As bad as that is, now consider this: TrueNorth has information from nearly 5,000 suppliers and trades who have participated in our LeanWeeks, indicating they submit less than 20% of all potential VPOs and at best 50% of those are paid. (For some builders, the pay rate is as low as 10%.) Thus, even if you track labor and material variance well, you’re seeing just 10% of the true cost. Process and overhead will at least double that number, which means all of the money you paid out for VPOs last year was less than 5% of the true total cost—strong evidence that the true total cost of variance is 20 times what our typical numbers show

ROI: More Reliable for Measuring Builder Success

I could go on and on about this topic, and we could perform the same analysis on quality and inspection numbers, performance metrics, and one of my favorite current subjects, the true total cost comparison of on-site versus off-site construction methods. As an industry, we measure absolutely none of these aspects well.
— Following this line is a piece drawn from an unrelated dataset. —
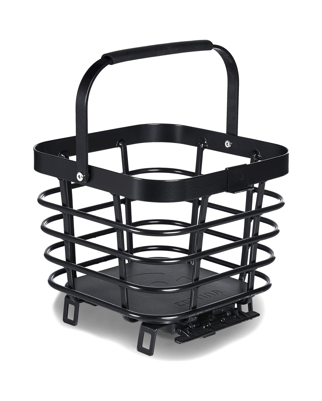 Mat zwarte vierkante mand met kliksysteem geschikt voor AtranVelo System (AVS) met platte softgrip handvat in mat zwart.
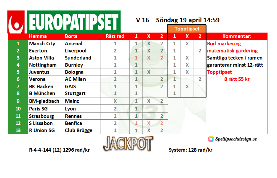 Europatipset söndag 19 april 14:59

Finally, everyone is obsessed with gross profit and net profit. That’s fine, but especially with the overly inflated schedules we now experience due to labor and material shortages, along with a host of process problems, I argue that ROI (return on investment) is a far more meaningful number for measuring builder success. Builder B may show two or three more points to the bottom line in a year than Builder A. But if Builder A builds in half the time, he is beating Builder B, badly. ROI will show that; pre-tax net profit will not.

If that isn’t perfectly clear to you, sit down with your CFO or accountant and hash it out. Be careful though, I told you not to take anyone’s numbers at face value! Remember Mark Twain’s warning: “There are three kinds of lies: lies, damned lies, and statistics.”